Второе предположение полностью не исключает первого, а именно: люди из окружения Чингисхана постепенно подводили его к раскаянию в совершённых злодеяниях. Благодаря некоторым своим сподвижникам из китайцев и киданей, например Елюй Чуцаю, а также иранцев и даже монголов, хан признал, что возможны другие, отличные от его собственных способы управления. После долгого сопротивления и нерешительности он постепенно стал склоняться к принятию тех принципов, что ему советовали. «Встречи в Бухаре», видимо, дали ему возможность перейти к «более мирной» политике. То не была история Дьявола, который, раскаявшись, внезапно повернулся к Богу в попытке вернуть пролитую кровь. Перемена, вероятно, стала результатом долгого процесса, созревшего только к концу жизни завоевателя.

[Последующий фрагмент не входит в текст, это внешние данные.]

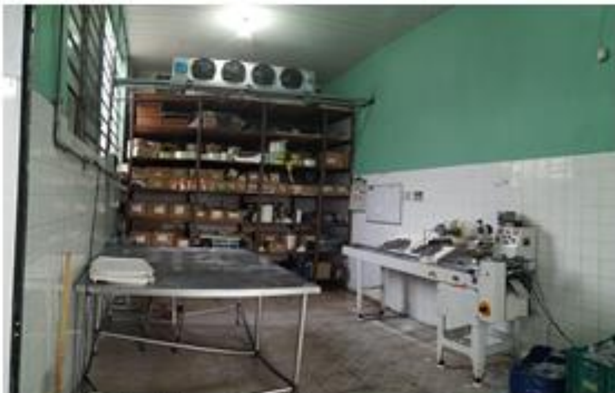
Fotografia: Área de embalagem/refrigeração

Assinado por 2 pessoas: HERLY CARVALHO COSTA e VINICIUS BRANDAO DE QUEIROZ Para verificar a validade das assinaturas, acesse https://miracatu.1doc.com.br/verificacao/45D4-0032-E1EC-6642 e informe o código 45D4-0032-E1EC-6642

Какие последствия имело монгольское нашествие для исламизированных стран Среднего Востока? Сведения, приводимые на этот счёт авторами-мусульманами, разумеется, недостаточны и необъективны. Называемые ими цифры потерь ужасают. Из-за отсутствия переписи населения в отдельных местностях мы не знаем о том, сколько было жителей в средневосточных городах до их захвата монголами. Археологические раскопки в соответствующих местах не позволяют утверждать, что в городах, опустошённых в XIII веке, было так много жителей, даже если допустить, что монголы могли перебить и крестьян, пришедших в города, чтобы спастись от врага за их стенами. Так, хотя эти города и восстанавливались после нередких в Иране землетрясений, по сохранившимся фундаментам, остаткам исчезнувших укреплений, жилищ и других зданий удалось установить, что Самарканд, Балх, Герат и соседние с ними города не могли быть очень густонаселёнными.
В итоге об этих реальных, предполагаемых или преувеличенных массовых убийствах мы знаем не так много. Одно можно сказать с достаточной определённостью: первая опустошительная волна монгольского нашествия, которая словно туча саранчи в течение более десятилетия обрушивалась на разные районы Мавераннахра, Ферганы, Хорасана и Тохаристана, нанесла этим землям глубокие раны, следствием которых стало другое, более продолжительное бедствие — упадок земледелия. На высокогорных плато Ирана и Афганистана, где недостаточно пресной воды, земледелие зависит в основном от искусственного орошения через систему каналов, в том числе подземных. Бегство крестьян от монгольских войск, массовые убийства, следовавшие за взятием городов, приводили к полному (в разных местах по-разному) или частичному запустению ирригационных сетей, и — как следствие — земли пересыхали и становились бесплодными. Без ирригации огороды и поля не могли прокормить города.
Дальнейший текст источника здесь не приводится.